SOUNDNESS
,—in a horse, is of such extensive meaning, and infinite importance to the sporting world, to dealers in horses, and to individual purchasers, that it is exceedingly necessary some criterion should be fixed by which its present undefined meaning should be more properly and more equitably understood; for want of which, more litigation is carried into the Courts at Westminster for the emolument and amusement of the Gentlemen of the Long-robe, than any other subject whatever, the constantly increasing evil of crim. con. excepted. The general custom between BUYER and SELLER is precisely this; the horse is sold with or without certain conditions in respect to SOUNDNESS, and this is done by what is called a WARRANTY on the part of the seller thus: "He is warranted perfectly sound, free from vice or blemish, and quiet to ride, or draw," as either or both the latter may happen to be. A horse sold without a warranty, and taken as he is, is then purchased (and the purchase abided by) with all faults, and cannot be returned under any plea whatever, unless he can be proved to have been glandered at the time of purchase, in which state no horse can be legally sold.
In the strict and equitable sense of the word, a horse, to be perfectly sound, should be completely perfect: he should have no obstruction to sight, no impediment to action, but be in an acknowledged slate of natural purity; neither diseased, lame, blind, or broken-winded: he should not only be free from impediment at the time of sale, but bona fide never known to have been otherwise. Some there are who support a different opinion, and conceive (or pretend so to do) that a horse may be sold warranted perfectly sound, after he has recovered from a palpable lameness: those should recollect, that such horse is always liable to a relapse, or repetition of the injury; and whoever becomes so obstinate as to defend an action brought under such circumstance, will certainly feel the mortification of having a VERDICT pronounced against him, so soon as sufficient evidence has proved such horse to have been lame at any time whatever previous to the purchase.

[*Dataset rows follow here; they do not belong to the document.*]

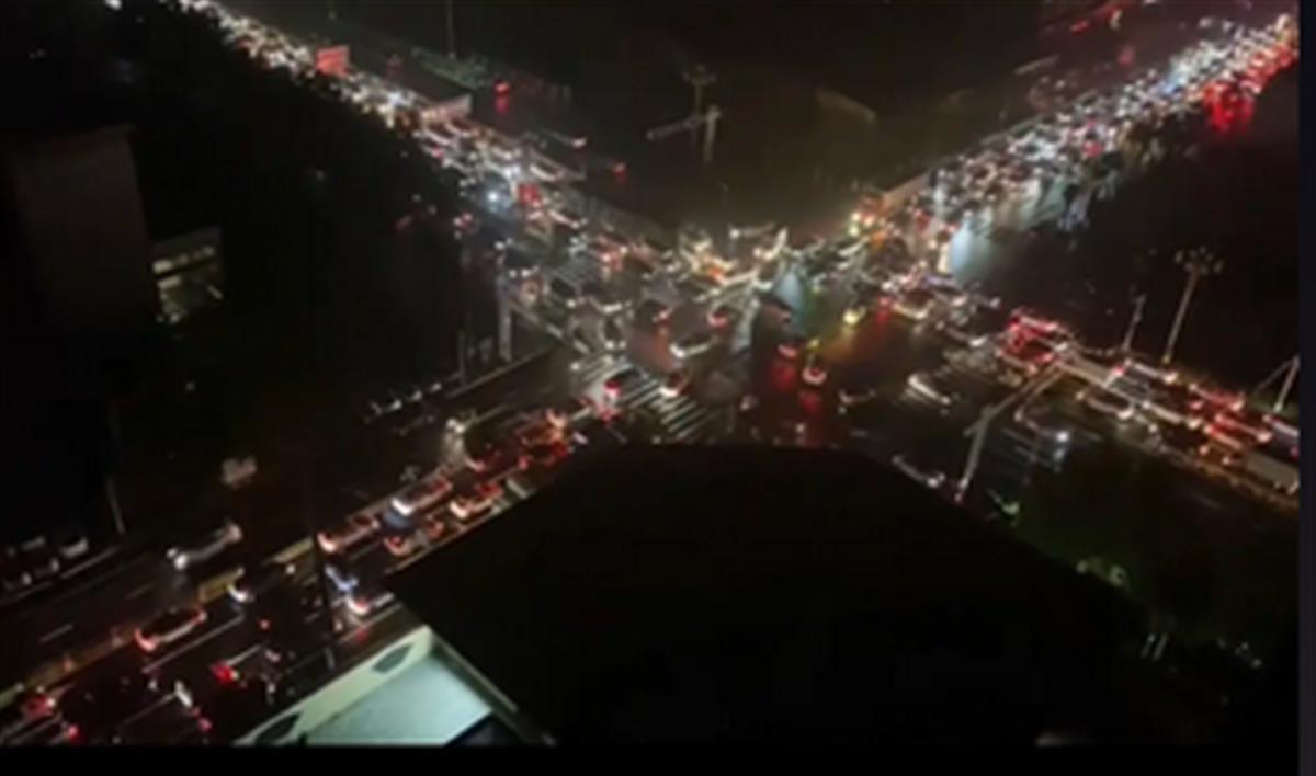 通知发出后,居民们纷纷驾车驶离小区,前往高速收费站。城区的道路上,车辆排成长龙。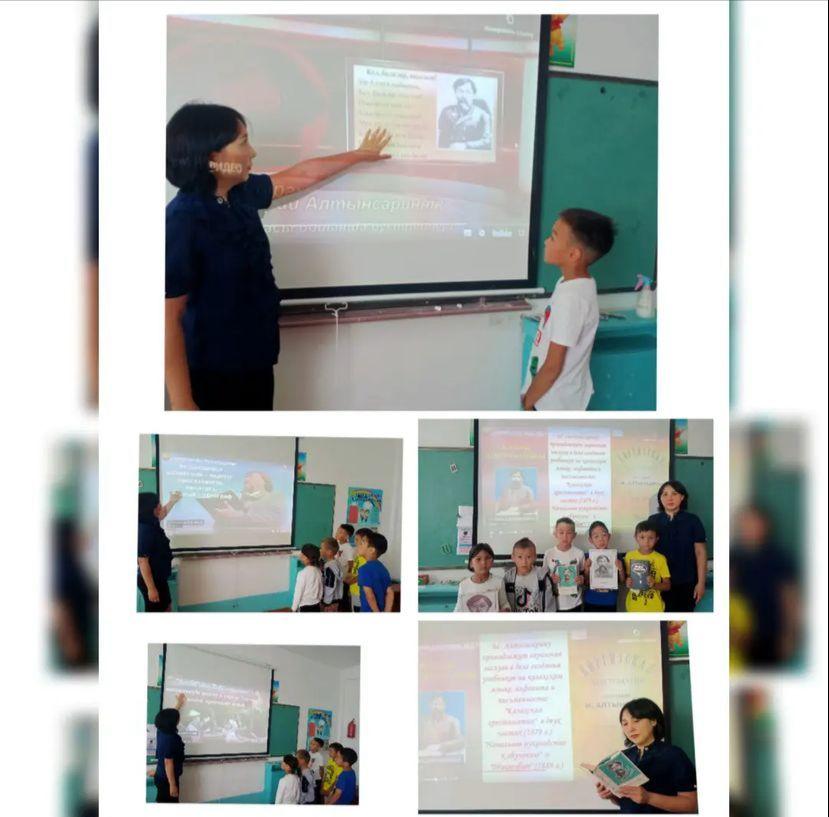 Қазақтың көрнекті ақын-жазушысы Ы.Алтынсариннің өмірімен, оның шығармашылығымен жақынырақ танысу мақсатында 1-2 сынып оқушыларымен "Кел балалар оқылық"атты танымдық сағат өтті."Оқуға құштар мектеп"жобасы аясында оқушылар өлеңдерді сүйіп оқуға, оқығанды түсіне білуге үйрету.
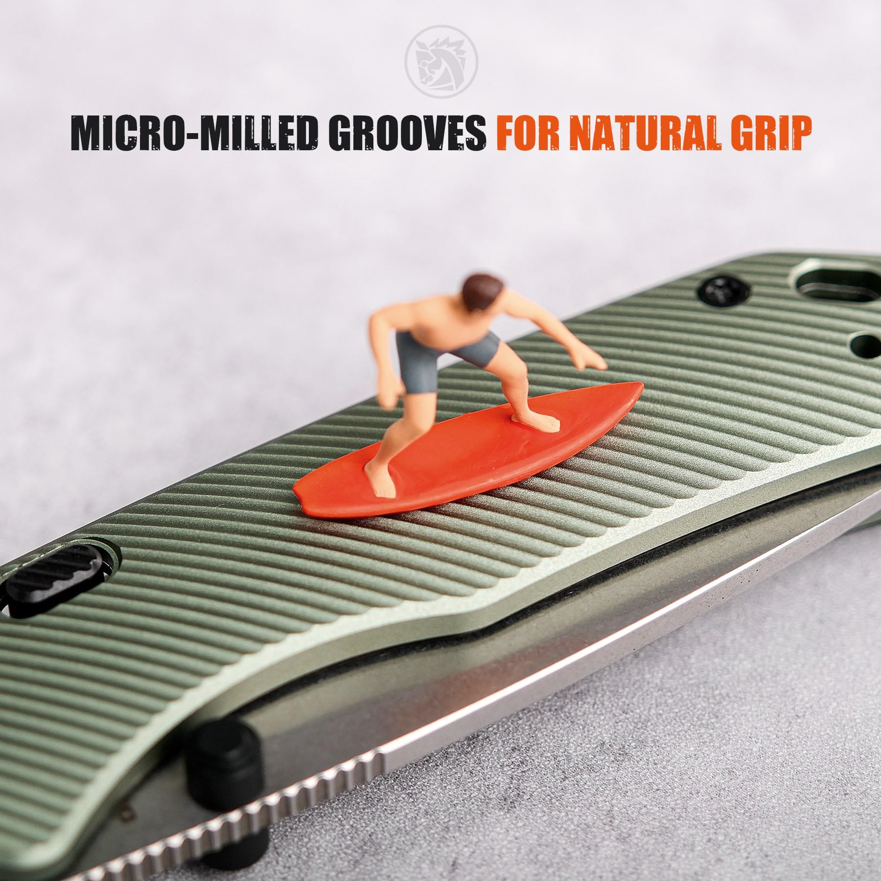 【Painstakingly Made】 Designed for use in multiple environments and conditions, the Vosteed Marten features a contoured ergonomic handle with micro-milled grooves for a confident and controlled natural grip. During the 30-minute CNC micro-milling process, each side of the handle has up to 20 grooves within 1 inch (54 grooves per side). This ensures an ultra-clean surface, and even the tiniest particles, oils, and impurities are removed. Compared to existing models on the market, the Marten has the best-in-class finishes on its aluminum handles, and you will enjoy using it.

Some years since, a late Lord Chief Justice of the Court of King's Bench laid it down as a rule, and promulgated the opinion, from the bench during a trial then pending, that TWENTY POUNDS was a good and sufficient price for a SOUND HORSE; and whether a warranty was or was not given, was totally immaterial: that sum implied a warranty, not only for the horse's soundness at the time of his being then sold, but that he should continue so for at least three months afterwards; a declaration so truly ridiculous in itself, and so void of every principle of equity, that any man, to make it now, would lay indisputable claim to the appellation of FOOL or MADMAN.